Trust-Mediated AI Continuance Intention among Pre-Service Teachers: Integrating UTAUT and the Extended S-O-R-S Framework with AI Brain-Rot Exposure
DOI:
https://doi.org/10.35877/454RI.daengku4849Keywords:
AI brain-rot exposure, Continuance intention, Pre-service teachers, S-O-R-S model, Trust in AIAbstract
The rapid use of artificial intelligence (AI) in teacher education raises important concerns about whether pre-service teachers will continue using AI despite emerging risks such as perceived AI brain-rot exposure. Therefore, this study examines how UTAUT-related stimuli, institutional support, and perceived AI brain-rot exposure influence the intention to continue using AI through trust in AI. This study employed a quantitative cross-sectional survey design involving 247 pre-service teachers enrolled in teacher education programmes in Indonesia, all of whom had prior experience using AI for academic or teaching-related purposes.
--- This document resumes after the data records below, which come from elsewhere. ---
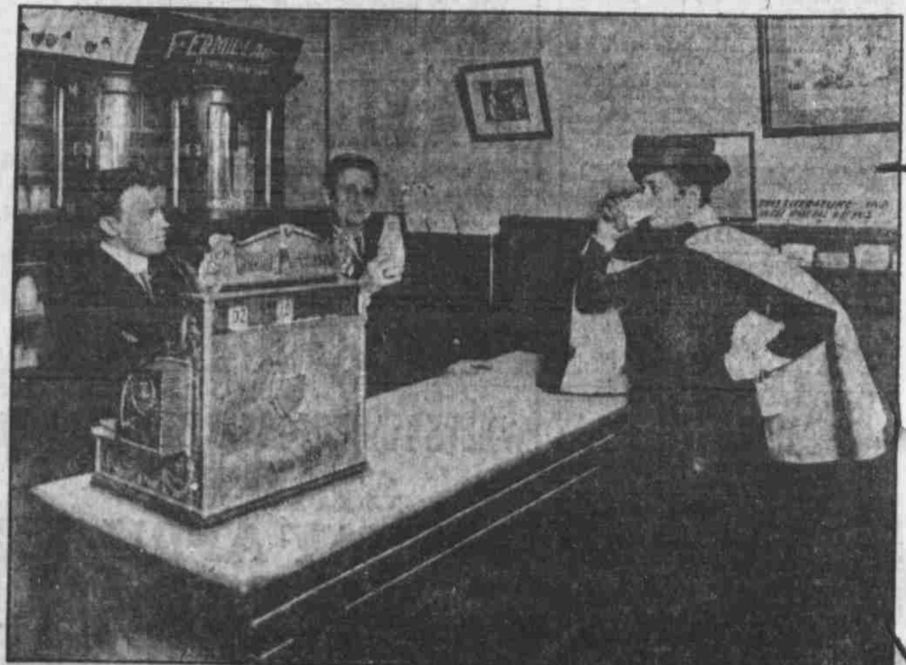
Alamito Products Make a Hit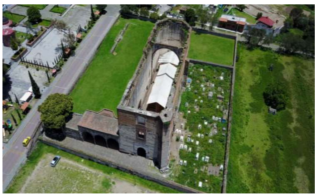
Figure 4. Aerial view convent Atlihuetzia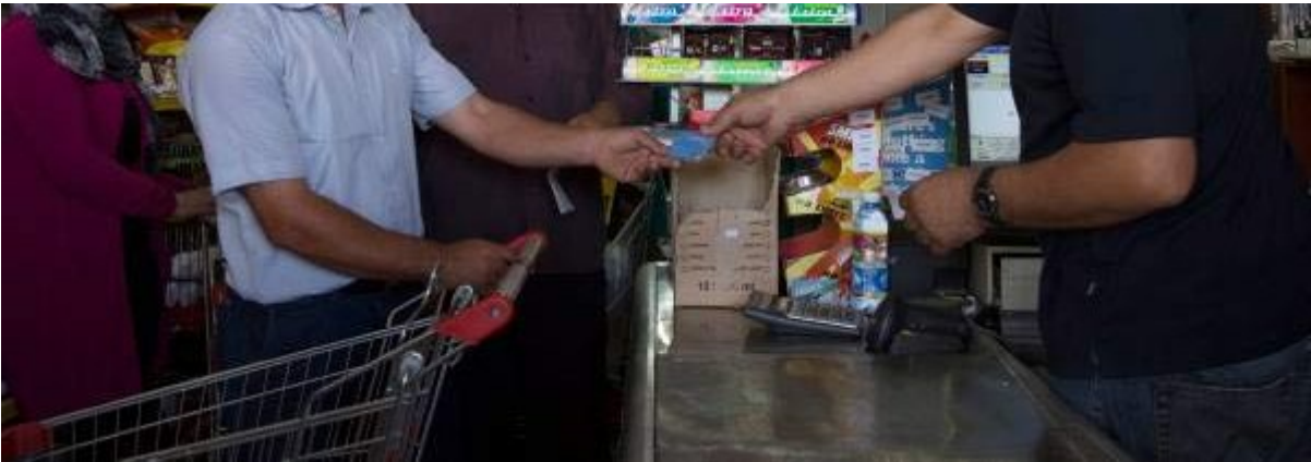
WFP e-card programme reaches some 855,570 Syrian refugees

The FAO, in partnership with REACH, initiated a country-wide food security and livelihood assessment. This assessment is mainly focused on host communities but will include some refugees residing in the host communities as well. There were no changes to the number of livestock reached during the joint FAO/Ministry of Agriculture national livestock vaccination programme.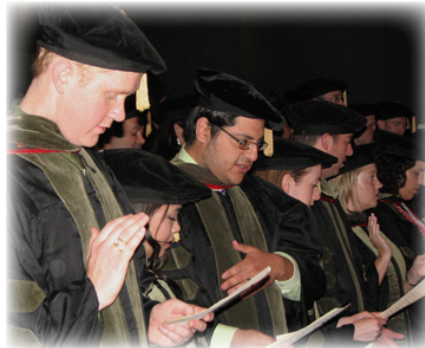
The SOP Class of 2009 recites the Oath of a Pharmacist at the annual Hooding Ceremony.

With that in mind, I'd like to thank the many people who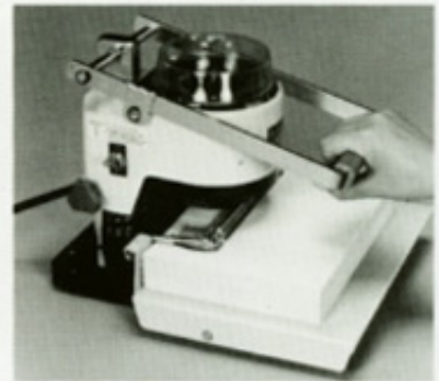
Can bore a hole up to 25mm (1") at a time.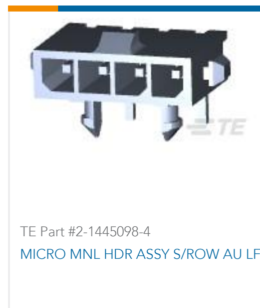
TE Part #2-1445098-4 MICRO MNL HDR ASSY S/ROW AU LF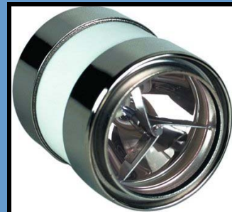
CeraLux Xenon Collimated Arc Lamp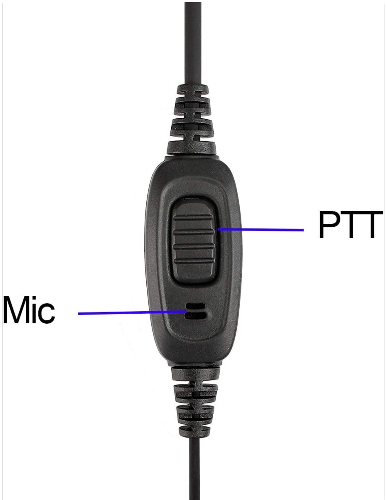
Image: A detailed view of the inline PTT button and microphone, indicating their functions.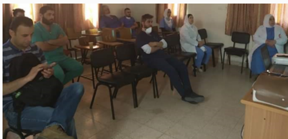
National Hospital, Nablus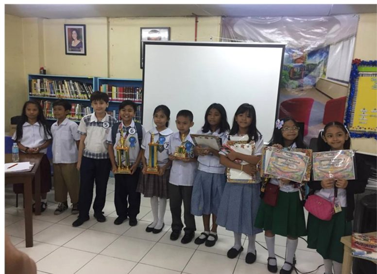
The winners of the “On-the-Spot Poster and Slogan Making Contest”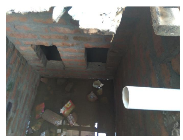
Figure 3: Fully lined tank connected to open drain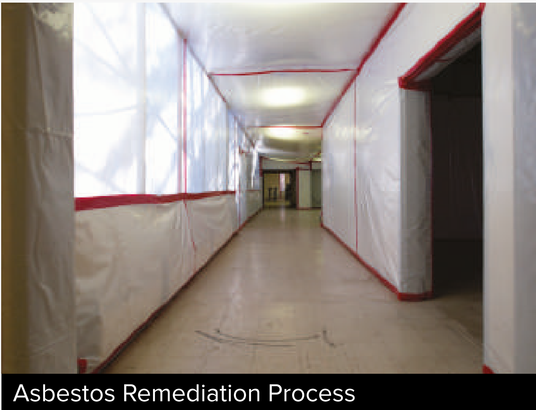
Asbestos Remediation Process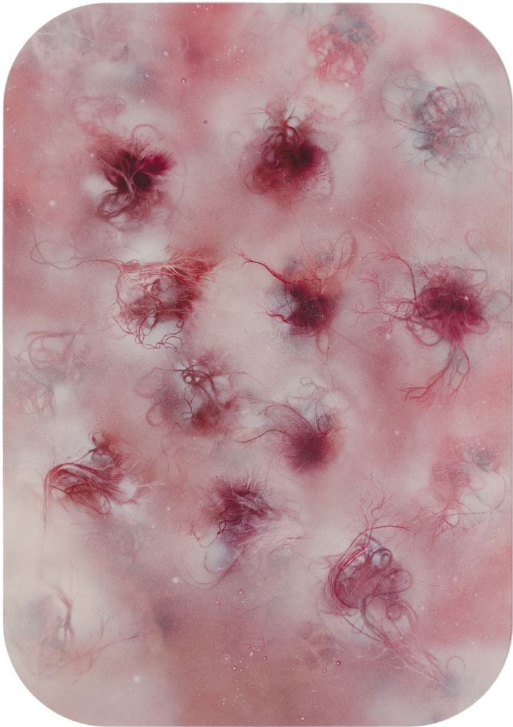
Body Dispersed 5 2017, Mixed media on paper, 116 x 85 cm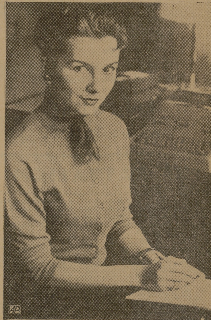
Highest Paid, Best Looking

Thirty-six young executives are due to attend the sessions to be held in the Memorial Student Center.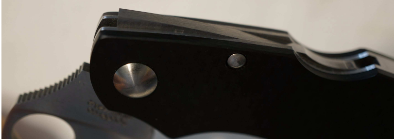
Figure 28: Lockback lock—blade partially open

The lockback lock is shown in Figures 28, 29 and 30.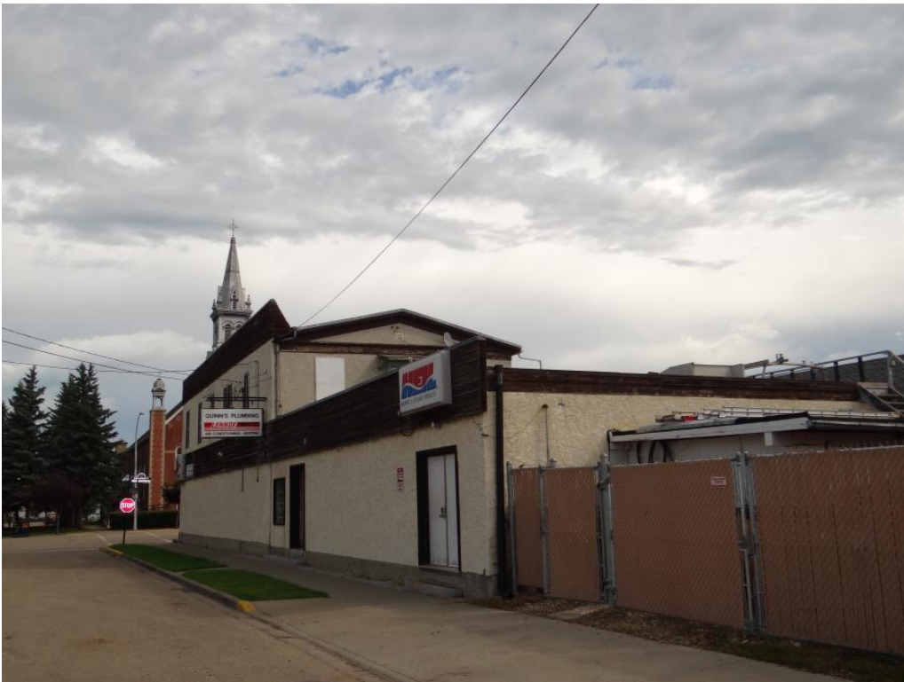
Filename DSC00824.jpg View SW Corner Date July 23, 2012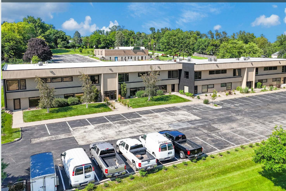
Lower Level - South Side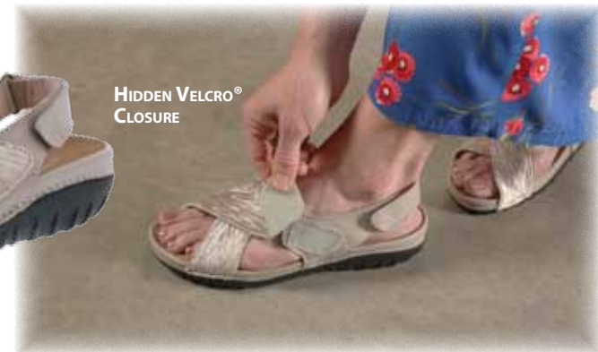
HIDDEN VELCRO® CLOSURE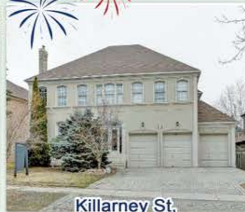
Killarney St, Bayview Hill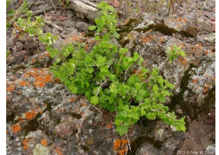
Gooseberry, Northern Ribes oxycanthoides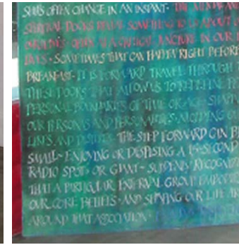
By Jacqueline Lacey

Above: Doors created by SDFC members now on display at the Escondido Municipal Gallery. See article on page 2.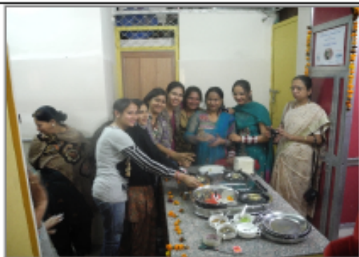
All young girls registered for this course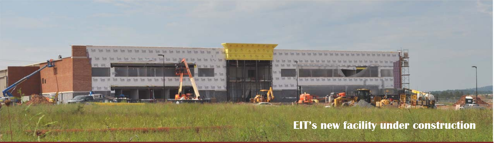
EIT's new facility under construction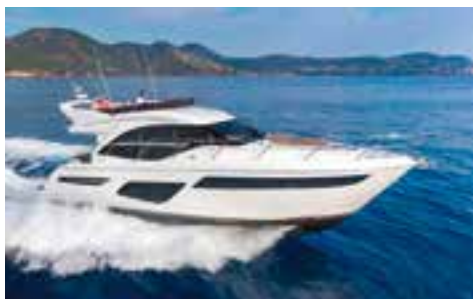
PRINCESS F50 2019

At Princess Brokerage International, our expert team is on hand to give your yacht sale a truly global reach. As the world's largest broker of Princess yachts, our European and international offices have an unsurpassed reputation, taking care of the whole process for you to ensure a quick and efficient sale.

Data were analyzed using Partial Least Squares Structural Equation Modeling. The results showed that performance expectancy and social influence significantly increased trust in AI, whereas effort expectancy and institutional support did not significantly influence trust. Perceived AI brain-rot exposure also significantly influenced trust in AI, but the relationship was positive, suggesting that awareness of AI-related cognitive risks may coexist with selective or calibrated trust. Trust in AI strongly influenced continuance intention and mediated the effects of performance expectancy, social influence, and perceived AI brain-rot exposure on the continuance intention. The model explained 72.1% of the variance in trust in AI, and 62.6% of the variance in continuance intention. This study contributes to the literature by extending the UTAUT and S–O–R with a stressor perspective and by introducing perceived AI brain-rot exposure as an emerging construct in AI-in-education adoption research. These findings suggest that teacher education programmes should prioritize demonstrating AI's concrete pedagogical benefits and fostering reflective AI literacy to build trust, rather than relying solely on institutional policy or ease-of-use considerations.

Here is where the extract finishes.